### [What the task asks]
Only the text should come through, so restate the listing exactly and drop its images.

### [Recorded data]
========================================
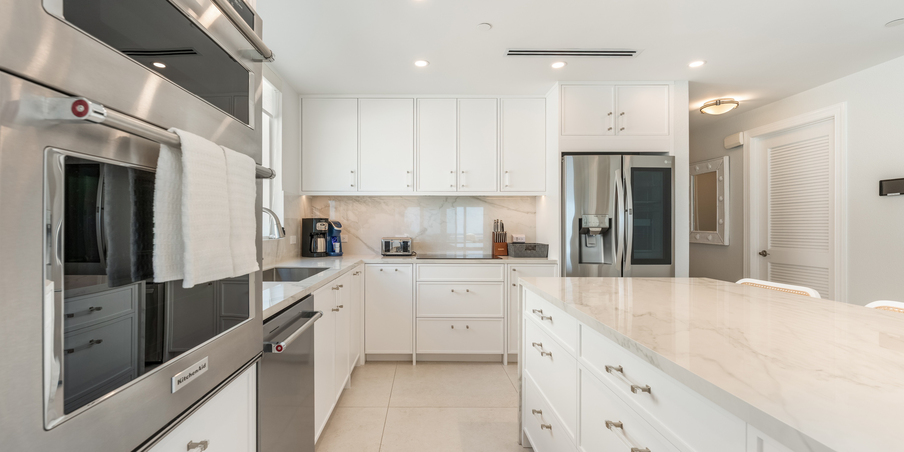 The designer kitchen features granite countertops, high-end appliances, and nice extras like an under-the-counter ice maker, coffee maker, single-serve Keurig coffee maker, and Bullet smoothie maker.
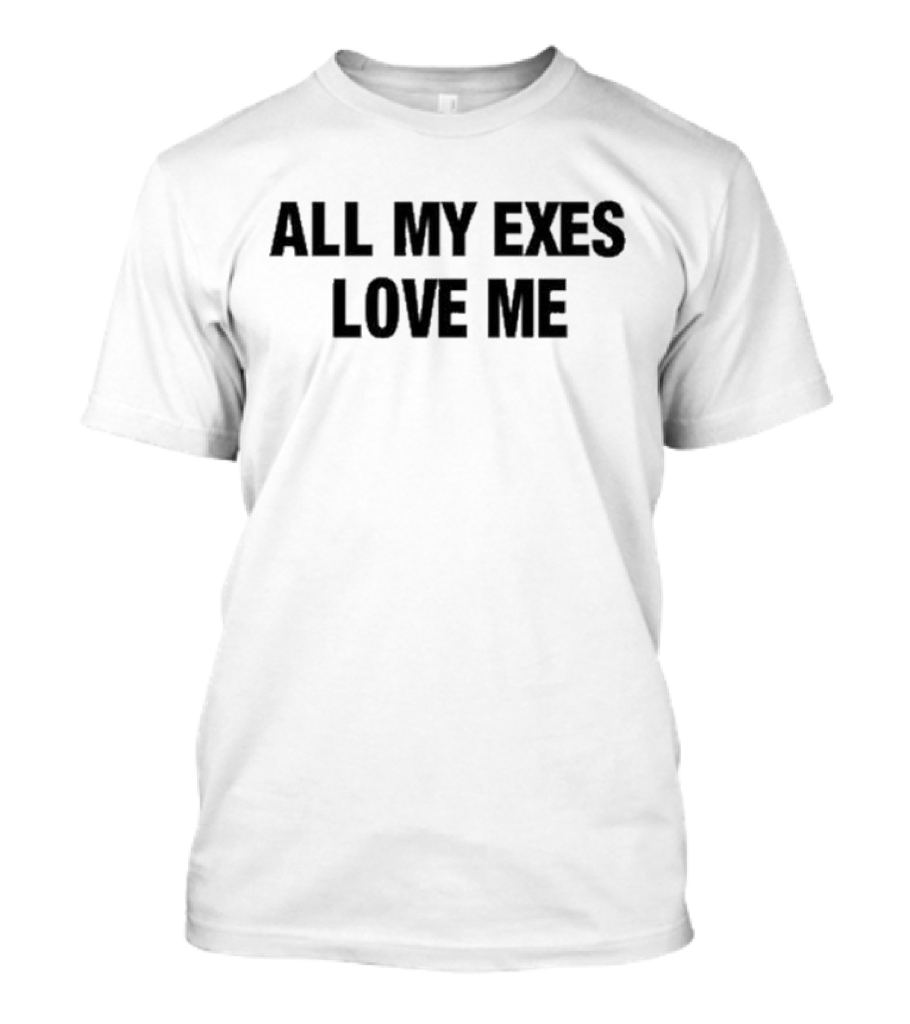 The ALL MY EXES LOVE ME T-shirt is designed for everyday wear and a consistent fit. Fabric is pre-shrunk ring-spun cotton with durable stitching. See the size chart below for exact measurements.
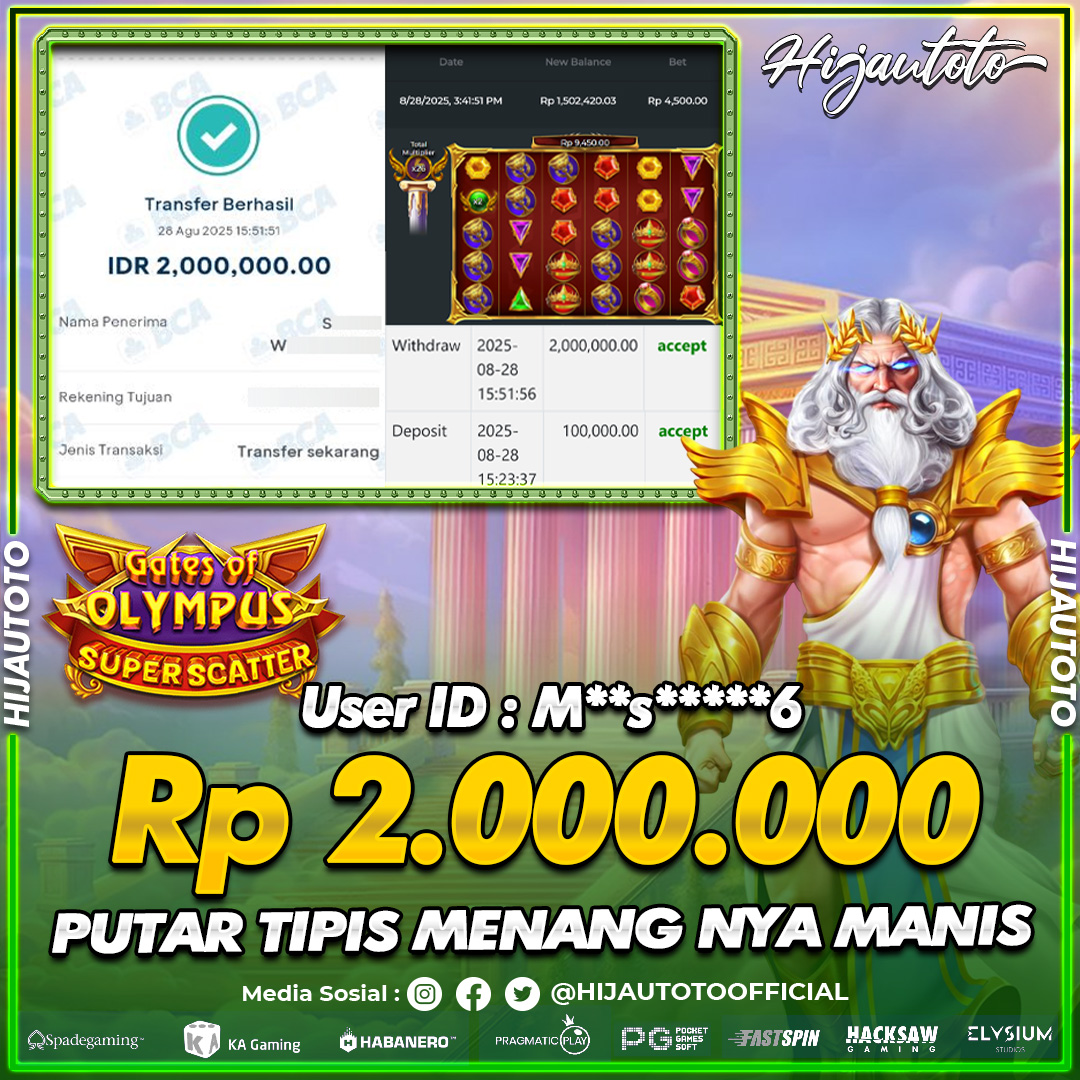 Cuma di HIJAUTOTO, tempat paling AMAN, CEPAT, & TERPERCAYA buat pecinta game SLOT GATES OF OLYMPUS SUPER SCATTER!
========================================
### [Output of the exercise]
 The designer kitchen features granite countertops, high-end appliances, and nice extras like an under-the-counter ice maker, coffee maker, single-serve Keurig coffee maker, and Bullet smoothie maker.
 The ALL MY EXES LOVE ME T-shirt is designed for everyday wear and a consistent fit. Fabric is pre-shrunk ring-spun cotton with durable stitching. See the size chart below for exact measurements.
 Cuma di HIJAUTOTO, tempat paling AMAN, CEPAT, & TERPERCAYA buat pecinta game SLOT GATES OF OLYMPUS SUPER SCATTER!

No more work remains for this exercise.